Geldautomaten gibt es nur in zwei oder drei Städten und das auch erst seit wenigen Jahren. Selbst in der größten Stadt tragen die Bhutaner ihre traditionelle Tracht: die Männer hüllen sich in den Gho, die Frauen bevorzugen den Kira. Von einer westlich dominierten, modernen Großstadt kann eher nicht die Rede sein. Überragt wird die Hauptstadt vom Tashichho Dzong, das im 17. Jahrhundert als Festung zum Schutz vor Angriffen aus Tibet gebaut wurde und heute seine ursprüngliche Funktion gegen Büros der Distriktverwaltung und ein Kloster eingebüßt hat. Die schieren Ausmaße und feine Ausgestaltung im Innern sind beeindruckend. Gegenüber vom Dzong liegt das Parlament, das erst seit der Einführung der parlamentarischen Demokratie im Jahr 2008 seine Funktion als Legislative gänzlich erfüllen kann. Der bescheidene Palast des fünften Königs von Bhutan liegt ebenso in Sichtweite, darf jedoch nicht abgelichtet werden. Die Monarchie genießt in Bhutan einen hohen Stellenwert und das junge Königspaar erfreut sich größter Beliebtheit.

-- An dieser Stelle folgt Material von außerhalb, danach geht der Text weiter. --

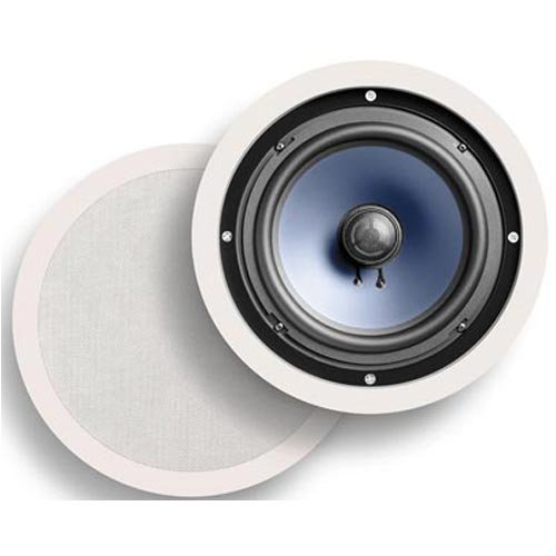The Polk Audio RC80i 2-way In-ceiling Speaker delivers incredible stereo sound to any room in your home from speakers you can barely see, without using any floor or shelf space. The RC80i is easy to install, requiring only that you cut a hole, feed the wires through, and simply drop the speaker in where it is held in place by rotating cams that safely secure the speaker with no extra assembly or mess. Once installed, the paintable grille and flange allows this in-ceiling speaker to virtually disappear in the room. The Polk RC80i utilizes a eight-inch dynamic-balance, mineral filled polymer-composite cone with a rubber surround that outlasts cheaper foam surrounds, as well as a one-inch ring-radiator tweeter with a 15-degree swivel mount. The swivel-mounted tweeter is aimable for direct high frequency control that ensures spacious imaging with amazing clarity, and well-balanced sound in any listening position, even off-axis listening positions, rather than in just a small sweet spot. Constructed of rust resistant hardware and durable, moisture resistant materials, the RC80i is safe for use in bathrooms, kitchens, saunas, or even under outdoor eaves, and a glass-filled composite baffle that provides a dense, acoustically inert platform for the speaker's high end components. This unit features strong composite driver baskets that keep moving parts in rigid alignment, a wide-dispersion design for even sound-coverage throughout even large rooms, and a wall-distance toggle switch that flattens frequency response when installation requires placement near a corner or adjacent wall. The RC80i also features a tweeter-level switch that lets you tailor the highs for your room acoustics, and is timbre-matched to the Polk Audio Monitor Series for seamless, enveloping imaging when used in a home theater system. What's in the Box - RC80i speakers (pair), 2 grilles, 2 cardboard templates with paint masks, owner's manual, and registration card.

In Bhutan gibt es übrigens neben der Nationalblume und dem Nationalbaum auch das Nationaltier: Den Takin. Der sieht aus wie eine schöpferische Resteverwertung: Ein bisschen Esel, ein bisschen Elch und ein bisschen Ziege. Mit riesigen Füßen wie ein Nashorn und einem wackelnden Gang als müsse man Angst haben, er würde jeden Moment umkippen. Die Niedlichkeit aber hat er direkt von einem grasenden Wombatbaby abbekommen. Ein passenderes Tier hätten sich die Bewohner des abgeschiedenen Königreichs gar nicht aussuchen können.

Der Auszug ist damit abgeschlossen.